It remained unclear how P1 MI mice could tolerate the substantial loss of myocardial mass and how LV function is compensated in the immediate aftermath of infarction. Our data indicate that the cellular expansion of the RV likely plays a critical role in this compensation. The RV of P1 MI hearts displayed great plasticity, as it extended in echocardiography and histomorphologically in the longitudinal axis. In the echocardiography the RV even often formed the tip of the heart and wrapped around the LV (Figure 2, G and H, and Supplemental Videos 1–6). This could contribute to the improved LV function observed in P1 MI mice, as the overall drop in EF and CO immediately after the lesion was less pronounced than in P3 MI mice. In these mice, RV wall thickness was reduced and the CMs strongly hypertrophied, consistent with maladaptive remodeling. Capillary density was strongly increased in the RV of P1 MI mice compared with sham controls, suggesting that the prominent regenerative response is closely intertwined with the vascular response, whereas inflammation does not appear to play an important role, as PTPRC+ cells were not increased in the RV of P1 MI hearts. A unique gene expression program underlies these responses. Cardiac genes involved in CM proliferation and angiogenesis were strongly upregulated in the RV of P1 MI mice, and analysis of eGFP-ANILLIN+ CMs confirmed that the increase in proliferating CMs in the RV free wall was as pronounced as in the injured LV, resulting in a thickened RV heart wall but no CM hypertrophy. In contrast, this adaptive response was entirely missing in the RV of P3 MI hearts. These data show that the RV undergoes a unique adaptive response upon LV injury. We are not aware that this aspect has been investigated in earlier work, as preferentially the response of the entire remote myocardium was analyzed (36). This response is likely limited by a wave of cell cycle exit and/or binucleation that occurs by P3, providing further support for the notion that neonatal myogenesis occurs through an expansion of cell-division-competent myocytes, as opposed to cell cycle reentry.

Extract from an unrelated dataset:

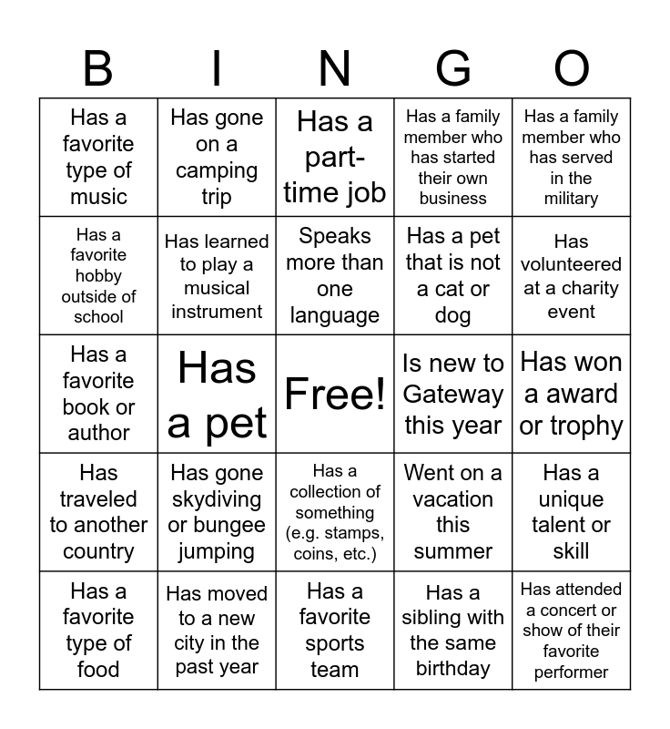 This bingo card has a free space and 24 words: Has a favorite type of food, Has gone skydiving or bungee jumping, Speaks more than one language, Has a sibling with the same birthday, Has a family member who has served in the military, Has a favorite type of music, Has gone on a camping trip, Has a part-time job, Is new to Gateway this year, Has won a award or trophy, Has a favorite book or author, Has learned to play a musical instrument, Went on a vacation this summer, Has a unique talent or skill, Has a favorite hobby outside of school, Has moved to a new city in the past year, Has a favorite sports team, Has a family member who has started their own business, Has volunteered at a charity event, Has traveled to another country, Has a pet, Has a collection of something (e.g. stamps, coins, etc.), Has a pet that is not a cat or dog and Has attended a concert or show of their favorite performer.

Thus, a large LV injury induces in the neonatal mouse heart a global regenerative response. The functional data imply that regeneration of the LV in P1 MI mice critically depends on the plasticity and adaptive response of the RV. This is reminiscent of human infants suffering from congenital or acquired disorders of the LV, in which RV function is a key determinant for survival (37, 38). In addition, banding of the pulmonary artery and increase in RV mass is a relatively new therapeutic strategy to improve heart function in infants suffering from LV dilated cardiomyopathy with low-output failure (39, 40). In more general terms, regardless of the age and type of the LV defect, RV dysfunction is known to be a critical clinical parameter contributing to the poor prognosis and high mortality of patients with severe LV heart failure (41). The demonstration of marked myogenesis in the RV of P1 MI mice suggests, as mentioned above, mechanisms and signals other than those presumed to stimulate LV regeneration. Pulmonary arterial hypertension is an immediate consequence of LV failure, and subsequent RV failure has a strong impact on disease progression, morbidity, and mortality (41, 42). We therefore thought that this could be the stressor inducing RV cell expansion and adaptation upon LV cauterization in P1 MI mice. Using echocardiography, we confirmed a significant lowering of PAAT and PAAT/PEAT values, as expected in case of pulmonary arterial hypertension. We propose that the pulmonary arterial hypertension following neonatal P1 LV injury induces an immediate angiogenic and myoproliferative response in the RV, as an abundant population of myocytes has not yet exited the cell cycle. A strategy to further test this hypothesis would be the selective induction of pressure overload in the RV of P1 mice, for instance by pulmonary artery banding without LV injury. Such a surgical model, which has not yet been reported in the literature for neonatal mice, could further corroborate that the pressure increase in the RV is inducing the adaptive response of the RV. This could prove helpful for a better understanding of mechanisms governing cardiac regeneration and the identification of potentially relevant therapeutic targets.

Methods

Sex as a biological variable. Both sexes were involved in the study and sex was not considered as a biological variable.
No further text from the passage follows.